I just don’t get people. I’m just appalled when I hear the kind of comments that come out of motorists’ mouths about the fate they’d like to see befall a cyclist. People actually wish death on someone riding a bike simply because having to drive around a cyclist made them two second slower on the way to where-ever it was they were going. Death! Seriously? You wish that cyclist to die? There are lot of people in the world who make me mad–biggots, chauvinistic men, fundamentalist Christians, Republicans (well, some of them anyway), Sarah Palin–but I certainly do not wish these people dead.

So I just can’t listen to those people ranting the radio. I had to turn the whole discussion off because at 7am on a day when I couldn’t ride to work (it’s too cold), I didn’t need to start my day with my blood boiling. Getting into a rage just doesn’t suit me well. The way I’ve come to deal with these kind of things lately has been to turn off the radio. I’ve been doing the same thing with politics because I just don’t want to listen to angry banter on both sides. (It’s funny because a friend of mine has been telling me to do this for years!)

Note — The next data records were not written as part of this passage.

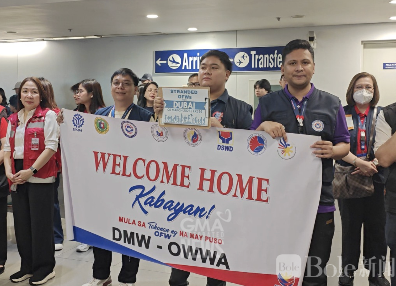 首批遣返航班于今日早晨抵达菲律宾,上午6:45从迪拜起飞的航班顺利降落在马尼拉国际机场3号航站楼,共载有299名菲律宾旅客,其中23人为OFW,另有两名为OFW子女,包括部分儿童与婴儿。遣返人员由劳工部、OWWA、社会福利部(DSWD)及卫生部代表迎接。
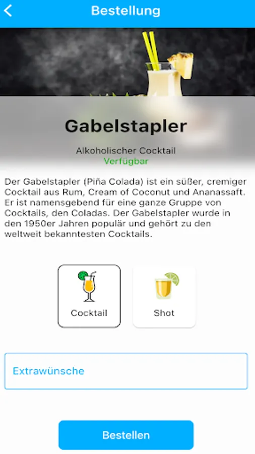 Our app offers numerous handy features such as the ability to save your orders, get random suggestions for your next cocktail and choose your desired size. You can save your favorite cocktails in your favorites and always know what you love.
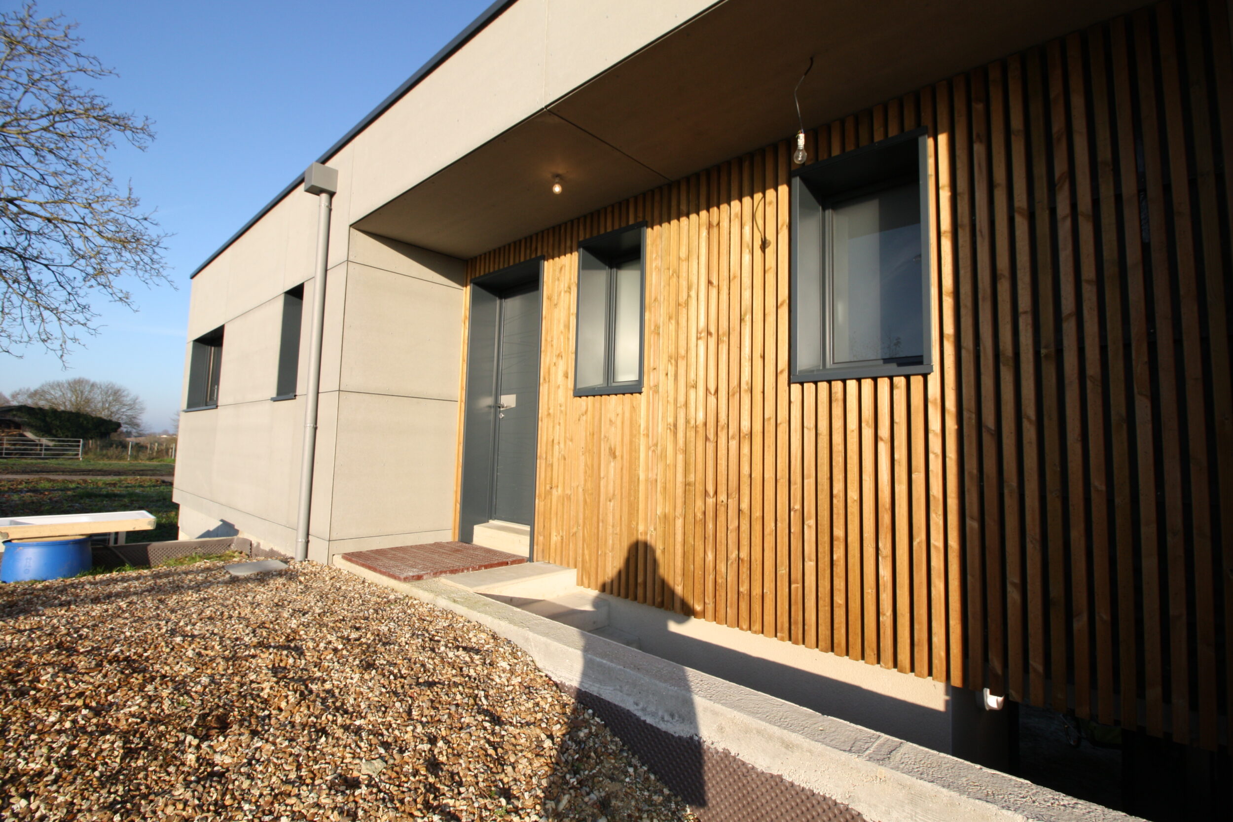Pour palier à cette contrainte, l'architecture de la maison a tout de suite trouvé son sens. Vous remarquerez deux volumes bien distincts. Un premier à toit plat exposé SUD et un second monopente. Cette différence de volume et de hauteur entre les deux permet justement l'entrée de la lumière du SUD dans la pièce de vie.

Is it stupidly optimistic for me to hope that at some point–especially with these rising gas prices–that motorists and cyclists could simply learn to coexist? (We need a catchy “coexist” symbol for cyclists and motorists–anyone creative out there?) I can’t be responsible for the cyclists who do not stop at stop signs/lights, cut cars off in traffic, ride in groups of two or more across the span of the road so that cars can’t pass, etc. However, you can rest assured that when I’m on the streets, I’m not doing any of these things. So, please, for my sake–and the sakes of other cyclists like me who respect the law–please do not take your anger against cyclists who you have witnessed not obey the law out on me! Stop texting, stop checking your email, stop talking to your friends; put your two hands on the wheel, look out the front window, and please be aware of me and my friends! I’d do the same for you if you were a pedestrian, whether I was in a car or on a bike. You may only get a slap on the wrist by law if you hit one of us, but I’m sure the weight on your conscience would really be far greater than you boast when you boldly call these radio shows (or respond in the comments of online articles) claiming you’d like to hit a cyclist… We’re all just out there trying to get somewhere.